The strange tension she couldn’t name, that no one else seemed to notice.

She exhaled sharply, shaking her head.

You’re being silly, she told herself. You’re reading too much into nothing.

Micah was harmless.

That’s what she’d decided.

He complimented everyone. He had a way of noticing little things — new hairstyles, new sneakers, an A on a paper.

That was just who he was.

If he happened to notice her more often, it didn’t mean anything.

By the time she got to the student café, she’d built a solid wall of denial around herself.

She ordered a caramel latte and spotted Colton near the window, waving her over with his usual grin.

Just seeing him made her chest loosen a bit — his presence was easy, grounding.

She slid into the seat across from him, and he reached out to squeeze her hand.

“Morning,” he said with that familiar warmth. “You look more relaxed today.”

“I guess I finally slept good,” she replied, smiling.

A few minutes later, Micah walked in.

He nodded at both of them, a casual acknowledgment, and went straight to the counter.

He didn’t linger.

He didn’t stare.

He didn’t even seem to care that they were there.

And just like that, Amelia decided to let it go.

She’d been overthinking.

Maybe he was never acting strange to begin with — maybe it was all in her head, her guilt, her self-awareness making her see things that weren’t there.

Colton cracked a joke about Trey’s failed attempt at cooking, and Amelia laughed — for real this time.

Later that day, they met up on the quad.
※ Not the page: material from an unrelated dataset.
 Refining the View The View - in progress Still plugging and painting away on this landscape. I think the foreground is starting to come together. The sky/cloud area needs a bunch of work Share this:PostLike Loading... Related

The weather was perfect, and everyone sprawled across the grass with snacks and music playing from a speaker.

Micah joined them halfway through, dropping down beside Trey and pulling out his sketchpad.

Nobody thought twice about it.

Colton didn’t even flinch anymore when Micah spoke to her.
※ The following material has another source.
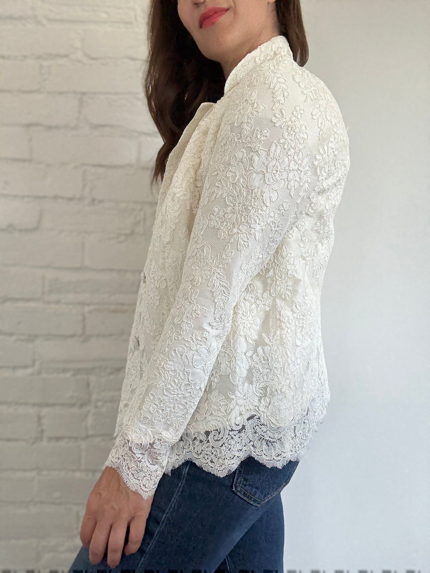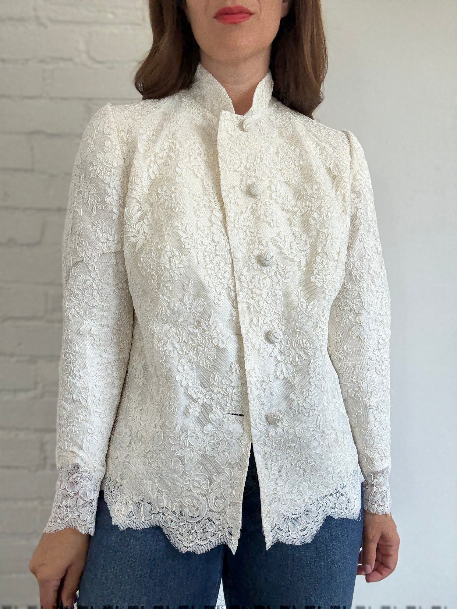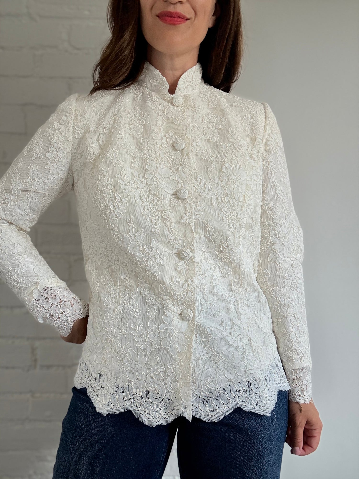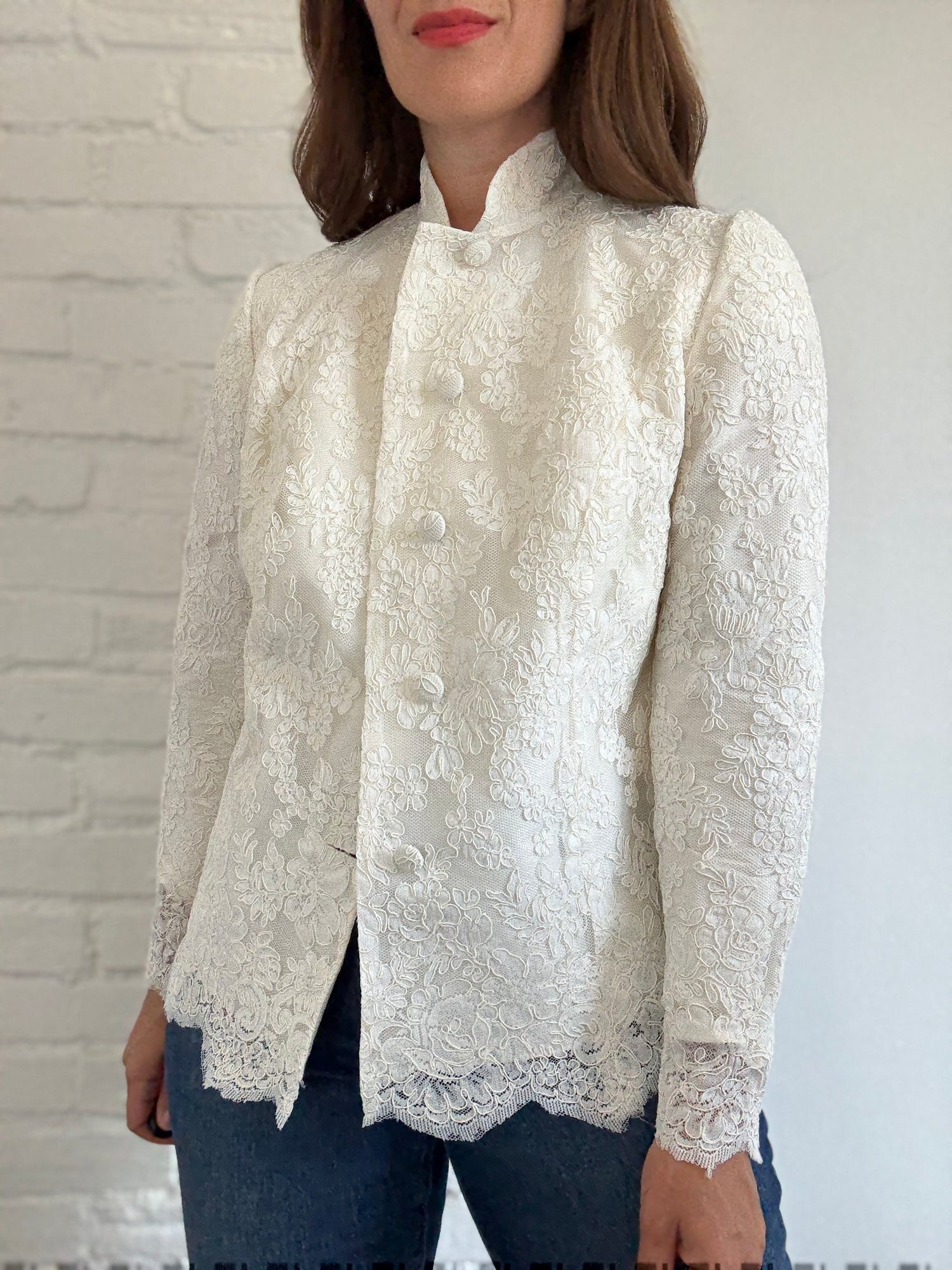 This stunning vintage, lace blazer-jacket is composed of a striking white lace and features scalloped edges on the hem, and cuffs. The front closure is material buttons, but can also be worn open for a less structured look. Mock neck, and asymmetrical down the front middle. The lace is a stunning, high quality vintage that overlays onto of a dupioni silk. Like brant new, mint condition.

He’d stopped watching for meaning in their interactions — stopped reading into every glance.

And Amelia was grateful for that, even if it made her feel slightly uneasy.
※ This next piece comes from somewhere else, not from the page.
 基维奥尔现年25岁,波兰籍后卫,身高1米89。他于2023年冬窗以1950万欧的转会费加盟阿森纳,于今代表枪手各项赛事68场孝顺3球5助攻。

She wanted everything to be normal again.

Micah commented on something Trey said, his tone light, distracted. For a moment, Amelia looked at him — just long enough to notice how different he seemed when he wasn’t looking at her.

Quiet. Thoughtful. Detached.

When his eyes finally did meet hers, it was brief — a flicker, not a stare.

She looked away quickly.

“What’s funny?” Colton asked, hearing her soft laugh.

“Nothing,” she said, forcing a smile. “Just thought of something dumb.”

And that was that.

That night, as Amelia got ready for bed, she thought again about how easily things had gone back to normal.

Maybe that was the key — to stop feeding into it. To stop assuming there was something deeper when there wasn’t.

Micah was Micah.

She was just Amelia.

Whatever tension she’d thought existed between them didn’t matter anymore.

It was harmless.

It had to be.

Still, as she turned off the light, a quiet unease lingered — that faint, unsettled feeling that sometimes comes from telling yourself a story you need to believe.